# Screening customers



## Mick (May 19, 2001)

Something happened the other day that got me to wondering if anyone else does this. I got a call last winter to clean up a small office complex after another plow guy. Then, the owner wanted to talk to me about next winter. We met briefly; I told her what it would be for a small snow storm and she thought that was kind of high. I went through the usual "Yeah, but my level of service is worth it" speech. She agreed that she tried to "get by on the cheap and it didn't always work". We left it that I'd get back with her in May to discuss it further. I wrote to her and haven't heard back, yet. In the meantime, I check with some people who know her. They tell me she's hard to work with, has never had anyone work for her that she liked their work and can't even keep temp office workers. So, I decided I don't need that kind of aggravation, badmouthing or negative advertising and won't take it at any price. Then I got to wondering how many others screen out customers based on potential for being a PITA. As a sole operator, do you tend to take on these customers to generate income or are you more like to turn them down than a larger plow company would? As a manager for a larger company, are you more likely to take them since you won't need to be the one to deal with them? Or, does everybody take anyone who'll hire them and weed them out later?

Sorry if this is confusing, but there is more than one way to think about it.


----------



## Arc Burn (Oct 21, 2002)

Good question Mick,I have found myself taking on some of these customers and here's why-In my area we have about 7 contractors plowing full time in the winter,one of our "blessed" second homeowners quickly grew a reputation for not paying for services,lawn/plowing etc.,he screwed a few contractors who told the other to beware and quickly found nobody would work for him.He went thru half a winter with no plow servicse(mild winter) and out of the blue we got nailed with a storm,he got my number from a neighbor and called me(I already knew all of the above)I told him i could not rather politely but he was persistent,i told him it would cost him and i wanted to be payed up front,"no problem"I went down,(1/2 mile from my house) charged about $15 more than the drive is usually worth,he payed,i plowed and have been for 3 years now,he comwes up every weekend and calls me to find out what he owes and pays me right away.

OK,so that was a long drawn out story!Anyways,i've seen that scenario work out a couple times just like that,and when it does not,i drop them instantly.

I guess the point is that the PITA customers will ultimately run out of options and that is when i like to jump in


----------



## wyldman (Jan 18, 2001)

Same opinion as Arc.I'll take them on,and usually I can convert them into a respectable customer.Don't know why I do it,but it usually works.A few of them are now some of our best customers.I'm talking more about property managers,owners and commercial clients though.Back when we did a lot of residential,we had a few that we could never please,even if you did it for free.So glad we dropped most of the residential stuff.

Usually people like that have been screwed on time to many,and are just fed up.Once the realize you are doing a good job,at a reasonable price,they chill out.


----------



## szorno (Jan 3, 2002)

Hiya Mick,
I agree with Arc and Wyldman with a spin though.

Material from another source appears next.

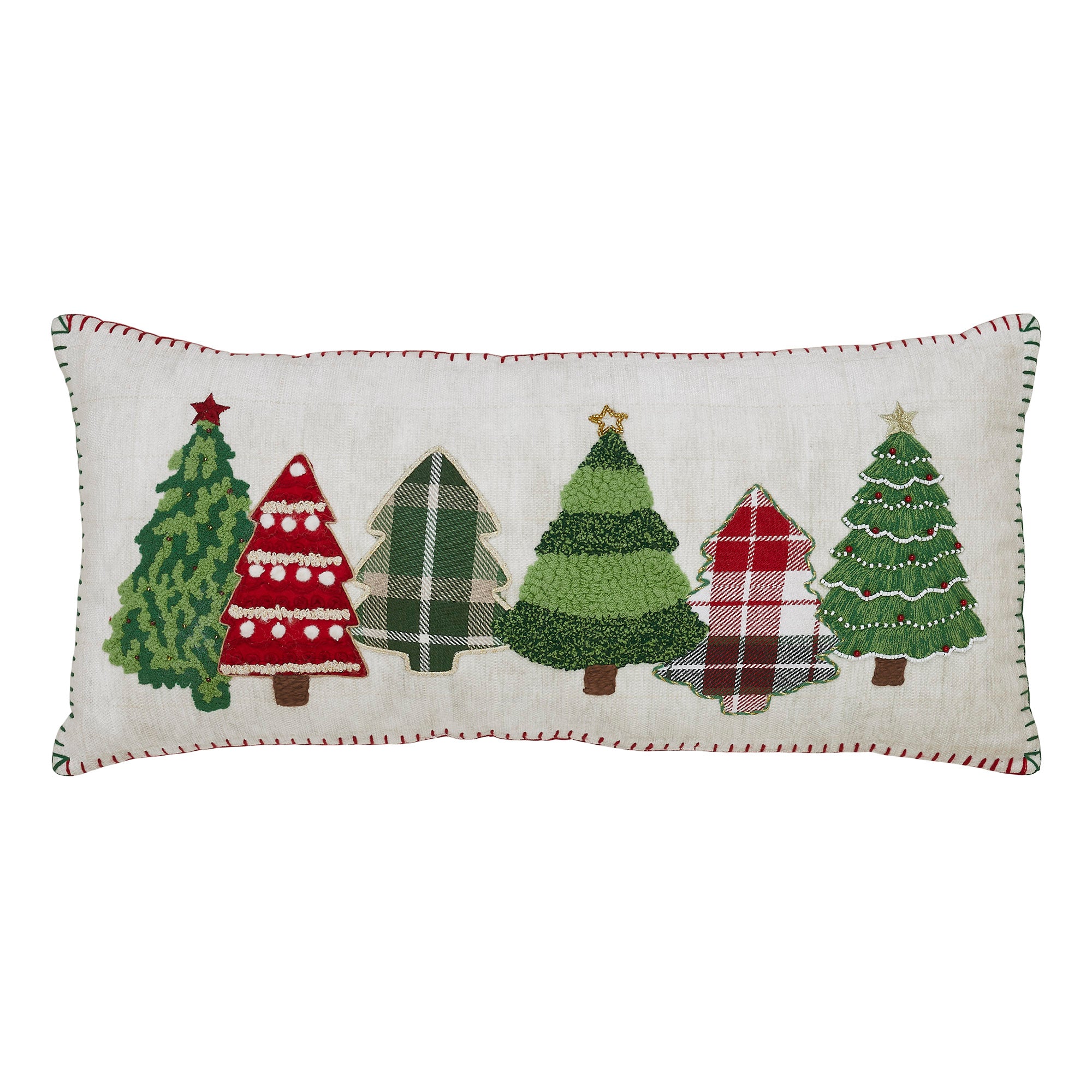 Decorate your sofa or bed with this lovely Christmas pillow by VHC Brands. It features festive Christmas trees, each uniquely appliqued and embroidered in traditional red and green tones on a soft creme fabric base. With its eye-catching holiday motifs, this pillow brings cheerful warmth to any room. Each tree showcases distinct seasonal accents such as bead embellishments, colorful trims, and puffy embroidery, adding texture and personality to the overall design. The handcrafted look is completed with red and green whip stitch edging, reinforcing the rustic, primitive style that's perfect for cozy holiday settings. Cover is not removable. Made in India. 14" x 30". View all Christmas Pillows.
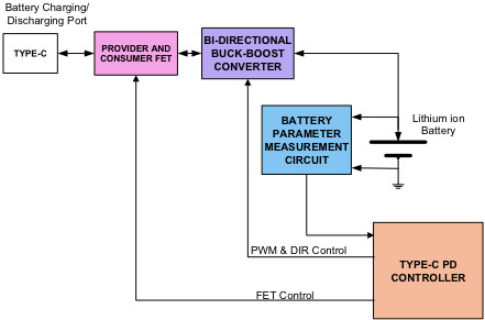 圖 3 顯示了典型 USB Type-C 移動(dòng)電源的框圖。Type-C 移動(dòng)電源具有單個(gè) Type-C 連接器接口,用于對(duì)鋰離子電池進(jìn)行充電和放電。Type-C PD 控制器是移動(dòng)電源的核心,負(fù)責(zé)管理控制鋰離子電池充電和放電的升降壓穩(wěn)壓器。

I will listen to the "other guy" when he says they don't pay or are picky. We specialize in picky. We can work anything for a fee... but If a commercial customer has a reputation of not paying, I joke a bit at the first face to face contact. I tell them that at 45 days late I return the snow. (usually at their entrance) And chuckle a bit. They ask if I have ever done it. I say yes, but only twice in 27 years.
That seems to set the tone adequately. Then I talk about our quality work, dependability and backup. Sometimes they sign, sometimes they don't. If they don't I just say "thank you Lord" and move on. I figure I was saved some heartache.
Good luck...:waving:


----------



## John Allin (Sep 18, 2000)

We go to great lengths to obtain the expectation level of the customer, and then price the project to meet that level. Often times the expectation level is not what is written in the contract, and sometimes we all find out after the fact.

I also think that everyone has the right to be a PITA - as long as they don't mind paying for the privilidge.


----------



## Michael F (Oct 18, 2000)

John Brings up a very good point, what is in the cintract is not what is expected often times. I t seems that people can't read a ruler. 
For example last season we bid two nice properties, 3 inches, per trip, we were told as general specs, didn't get the properties. We do a proerty within view of these, at zero tolerance this past season I saw the contractor that got them(2 different contractors) out for 1 inch.
It happens ALL the time around here. I guess its just an experience thing, doesn't make you want to go to unlimited visit contracts for one price though.
Good luck.


----------



## Chuck Smith (Dec 30, 1999)

A neat little trick is to bring a ruler with you when you are discussing a contract with a property manager. When they mention the trigger they want, show them on the ruler just how much that is, and how much of their shoes will be covered if they have to walk in it.

What I have also found, is often a 3" trigger is desired, but they will call you in at 1.5" because they feel the need for service. This is why it is best to use 0" - 4" (or whatever the first price range is is) as the first pricing increment. They usually say "well we only want you to come at 3", to which I reply "that's OK, we just want you to know what the price will be for less than 3". Having 3" - 6" as the first increment opens the door for "Well you want $x for 3" so shouldn't less be cheaper?"

Nope.

Spelling out all pricing from the start ends late negioations on the phone... We also always give loader pricing, though we won't use one everytime it snows, it is there so when the need arises, the customer already knows the price.

And I have always screened customers. If the job requires more than a single truck length of backdragging away from the garage door, it is not worth it to me. I refer them to the younger guys just starting out, and those who use blowers. As far as the 'non-payers', I don't need the aggravation of trying to change them.

~Chuck


----------